On the other hand, in the peripheral circuit region 5, since the reduction of the parasitic resistance is important, the metal compound film 17x, is preferably formed thicker thickness T _s2 of 18x. The film thickness T _s2 of the metal compound films 17x and 18x is, for example, 5 to 30 nm, and preferably about 8 to 25 nm.

The film thickness T _s3 of the metal compound film 191 on the gate electrode 151 in the memory cell region 2 is thicker than the film thickness T _s1 of the metal compound films 171 and 181. The film thickness T _s4 of the metal compound film 19x of the gate electrode 15x in the peripheral circuit region 5 is thicker than the film thickness T _s2 of the metal compound films 17x and 18x. The film thickness T _s3 of the metal compound film 191 and the film thickness T _s4 of the metal compound film 19x are substantially equal, for example, 10 to 40 nm.

As shown in FIGS. 3 to 4, the MISFET in the memory cell region 2 and the MISFET in the peripheral circuit region 5 are formed on the same substrate 10 and separated from adjacent elements by an element isolation insulating film (STI) 20. In the memory cell region 2, a plurality of element regions (hereinafter referred to as “first element regions”) are periodically arranged. On the first element region, a gate electrode 151 extends in a periodic direction (hereinafter referred to as “first direction”). The width W ₁ of the first element region in the first direction, the element region of the peripheral circuit region 5 (hereinafter, referred to as "the second element region".) Narrower than the width W ₂ of the.
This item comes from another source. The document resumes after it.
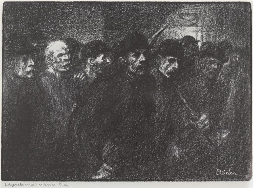 Wir bieten Ihnen eine handgefertigte Reproduktion auf Leinwand des berühmten Kunstwerks 'Ouvriers Sortant de L'Usine' von Theophile Steinlen, aus dem Reproduktionsmuseum.
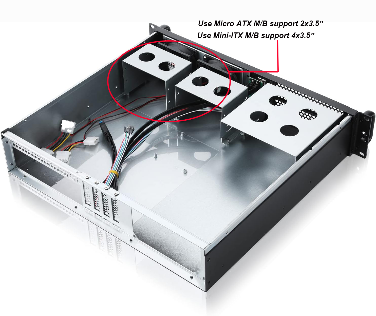 2U Rackmount 2x5.25+4x 3.5 HDD microATX Chassis support ATX Power Supply

The width W ₁ of the first element region is, for example, 0.01 to 0.3 μm, and the width W ₂ of the _second element region is, for example, 0.1 to 10 μm.

Depth D ₁ from the surface of the substrate 10 to the bottom of the element isolation insulating film 20 in the first element region of the memory cell region 2 and element isolation insulation from the surface of the substrate 10 in the second element region of the peripheral circuit region 5 The depths D ₂ to the bottom of the membrane 20 are substantially equal to each other. The depths D ₁ and D ₂ of the element isolation insulating film 20 are, for example, 200 to 500 nm.

According to the semiconductor device shown in FIG. 1, the film thickness T _s1 of the metal compound films 171 and 181 in the memory cell region 2 is relative to the film thickness T _s2 of the metal compound films 17x and 18x in the peripheral circuit region 5. Therefore, the junction leak current can be reduced in the memory cell region 2 where the junction leak current is required to be reduced.

The metal compound film 17x of the peripheral circuit region 5, the thickness T _s2 of 18x is, since relatively thick compared to the thickness T _s1 of the metal compound film 171, 181 memory cell region 2 high current driving capability In the required peripheral circuit region 5, the current drive capability of the transistor can be increased by reducing the resistance. That is, it is possible to achieve both the reduction of the junction leakage current of a transistor that requires a low junction leakage current and the improvement of the performance by reducing the resistance of the transistor that requires a high current driving capability.

  Next, a method for manufacturing a semiconductor device according to an embodiment of the present invention will be described with reference to FIGS. The semiconductor device manufacturing method described below is an example, and it is needless to say that the semiconductor device can be realized by various other manufacturing methods including this modification.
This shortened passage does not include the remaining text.